Worum geht's?
Die von Spotify kuratierte Playlist «Piano in the Background» berieselt uns mit sanften Songs, unauffällig melancholisch und blumig wie eine Duftkerze. Man soll sie nicht bewusst wahrnehmen – oder sich gar fragen, wer für diese Klänge in die Tasten greift. Das schreibt ein Musikkritiker des «Guardian» .
Er gehört zu einer Reihe von Journalisten, die Spotify vorwerfen, seine Playlists mit Musik von Künstlern anzureichern, die es eigentlich nicht gibt. Das Branchen-Portal «Music Business Worldwide» hat eine Liste mit 50 dubiosen Musikern veröffentlicht, die in «Easy Listening»-Playlists von Spotify auftauchen.

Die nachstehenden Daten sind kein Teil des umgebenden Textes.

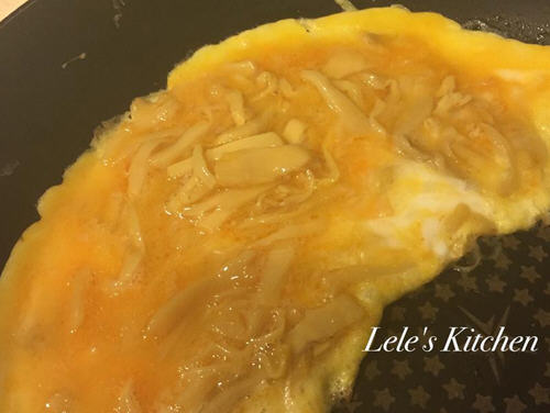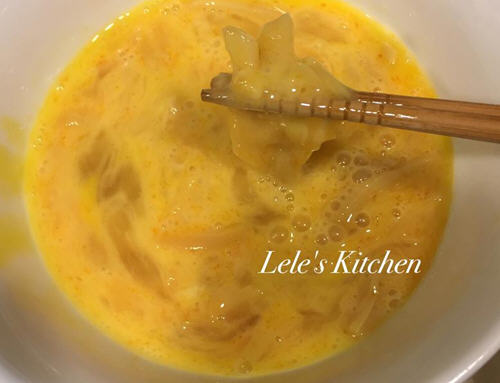 2、热油锅,将蛋液倒入锅中煎至两面都呈现金黄色即可!

Ihnen ist gemeinsam, dass sie – trotz hunderttausendfachen Klicks – keine Webseiten haben, keine Facebook-Profile oder Youtube-Videos. Dass man also ausserhalb von Spotify absolut gar nichts über sie findet.
Der Vorwurf: Hinter diesen Pseudonymen sollen Produzenten stecken, die im Auftrag von Spotify passgenaue Musik erzeugen.
Warum ist's interessant?
Spotify ist der Riese unter den Streamingdiensten. Kein anderer Musikdienst – geschweige denn herkömmliche CD-Verkäufe – können ihm das Wasser reichen. Für die Musik zahlt Spotify Lizenzen an Plattenlabels wie Sony und Warner.

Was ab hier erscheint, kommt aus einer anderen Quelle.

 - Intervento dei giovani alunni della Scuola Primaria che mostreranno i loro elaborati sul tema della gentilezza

Würde Spotify seine Listen mit seinen sogenannten «Fake Artists» anreichern, könnte er sich für diese die Lizenzen sparen. Allein für 50 Musiker wären das umgerechnet über drei Millionen Franken.

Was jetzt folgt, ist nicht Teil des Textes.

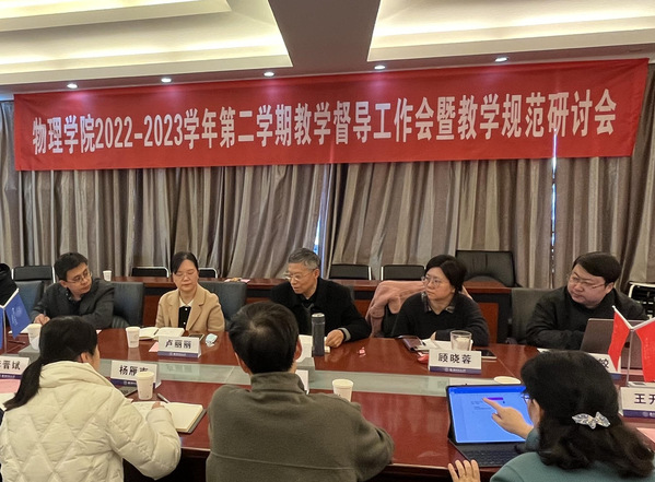 3月7日下午,PA视讯集团官网2022-2023学年第二学期教学督导工作会暨教学规范研讨会顺利举办。校教师发展与教学评估中心副主任卢丽丽、校督导陈建平、PA视讯集团官网副院长李晋斌、PA视讯集团官网督导组成员及各系、中心主任等参加会议。会议由PA视讯集团官网副院长李晋斌主持。
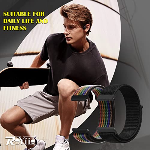 RoYiio 2 Pezzi Cinturino Compatibile con Anse Larghe 20mm / 22mm, Impermeabile, Comodo e Traspirante, con Sgancio Rapido, Nylon Cinturini per Uomo Donna - Nero & Arcobaleno Nero

Andererseits hätten Spotify auch ein Druckmittel gegen Plattenfirmen in der Hand: Wenn ihr uns die Musik nicht günstiger gebt, dann weichen wir auf unsere eigene aus.
Nicht nur für Labels und Musikfans, auch für viele Musiker wäre das ein Affront. In einer beliebten Playlist von Spotify zu landen – das sehen viele als den entscheidenen Schritt für ihre Musikkarriere.
Spotify selbst weist die Vorwürfe zurück . Allerdings hat die Firma vor Kurzem auch einen neuen Mitarbeiter eingestellt, der mit Hilfe von Künstlicher Intelligenz Popsongs entwickelt.
In Zukunft könnte ein Teil der Musik bei Spotify also nicht mehr nur von falschen Musikern gemacht werden – sondern vielleicht sogar komplett ohne menschliches Zutun.